**What to produce**. Give back the data below word for word. Any image in it should be left out.

**Data shown**.
################

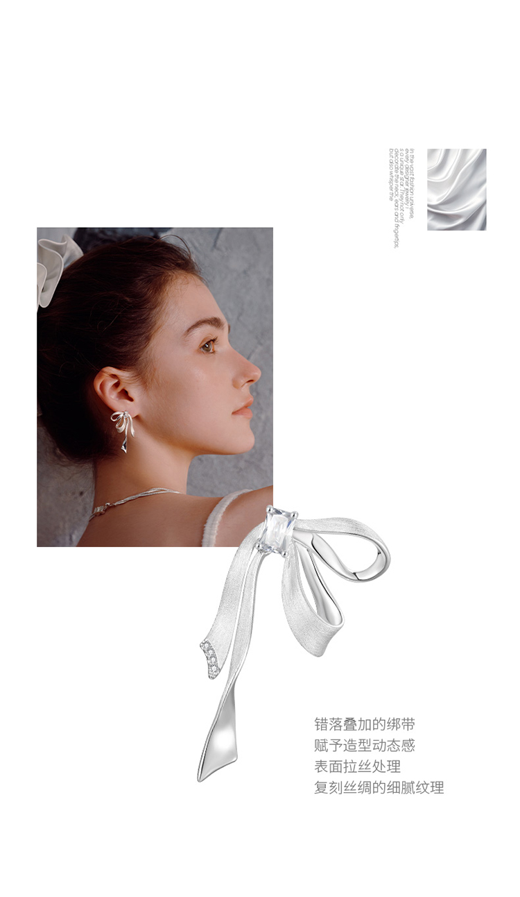 ZEGL真柳设计师Ribbon丝带系列蝴蝶结耳环女新款爆款耳钉流苏耳饰
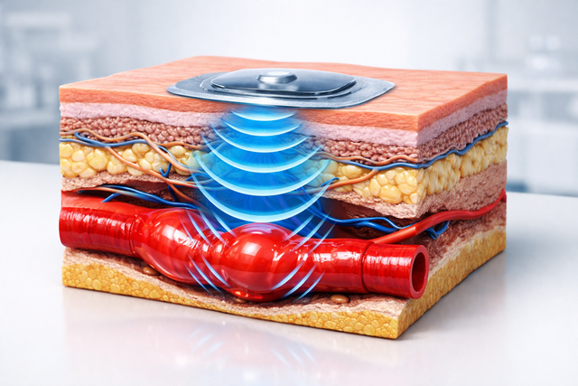 잠수함이 음파로 바닷속 물체까지의 거리를 측정하듯이, 이 센서도 미세한 초음파를 혈관에 쏘아 보내서 심장 박동에 따라 변하는 혈관의 크기를 실시간으로 감지합니다.
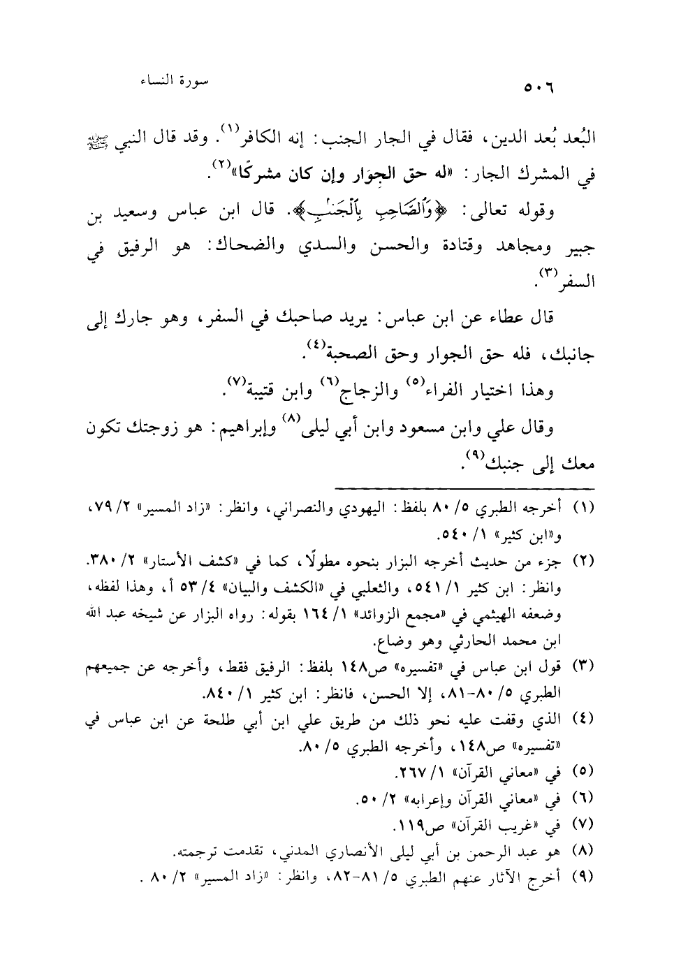 (¬6) "معاني القرآن وإعرابه" 2/ 51، بتصرف، وانظر: الطبري 5/ 85، "إعراب القرآن" للنحاس 1/ 416 - 417، "الدر المصون" 3/ 676.
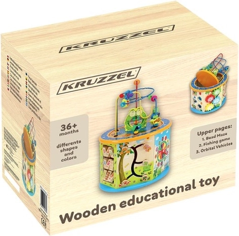 Górna część z koralikowym labiryntem służy do treningu chwytu i małej motoryki, natomiast boczne panele oferują sorter kształtów, zębatki, liczydło, liczby, labirynt i inne aktywności. Spód kryje grę planszową „Chińczyk” z pionkami i kostkami w zestawie – idealną do wspólnej rodzinnej zabawy.
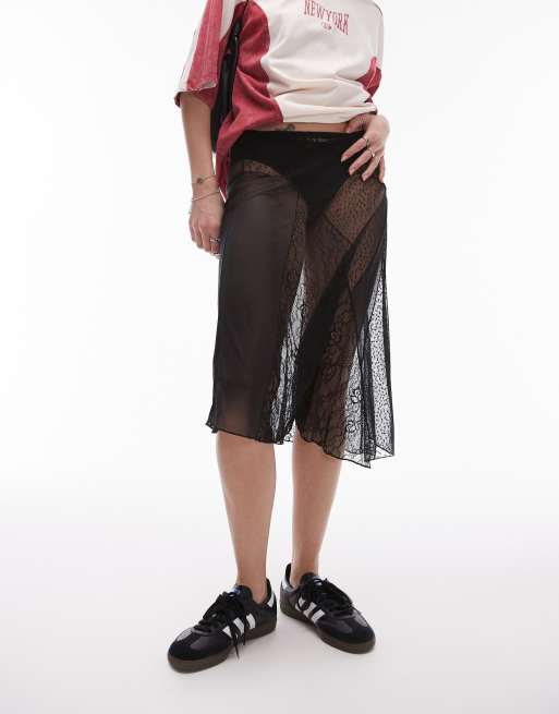 Topshop – Transparenter Rock in Schwarz in 90er-Länge aus genopptem Netzstoff mit Bahnen-Design

################

**Answer to this task**.
 ZEGL真柳设计师Ribbon丝带系列蝴蝶结耳环女新款爆款耳钉流苏耳饰
 잠수함이 음파로 바닷속 물체까지의 거리를 측정하듯이, 이 센서도 미세한 초음파를 혈관에 쏘아 보내서 심장 박동에 따라 변하는 혈관의 크기를 실시간으로 감지합니다.
 (¬6) "معاني القرآن وإعرابه" 2/ 51، بتصرف، وانظر: الطبري 5/ 85، "إعراب القرآن" للنحاس 1/ 416 - 417، "الدر المصون" 3/ 676.
 Górna część z koralikowym labiryntem służy do treningu chwytu i małej motoryki, natomiast boczne panele oferują sorter kształtów, zębatki, liczydło, liczby, labirynt i inne aktywności. Spód kryje grę planszową „Chińczyk” z pionkami i kostkami w zestawie – idealną do wspólnej rodzinnej zabawy.
 Topshop – Transparenter Rock in Schwarz in 90er-Länge aus genopptem Netzstoff mit Bahnen-Design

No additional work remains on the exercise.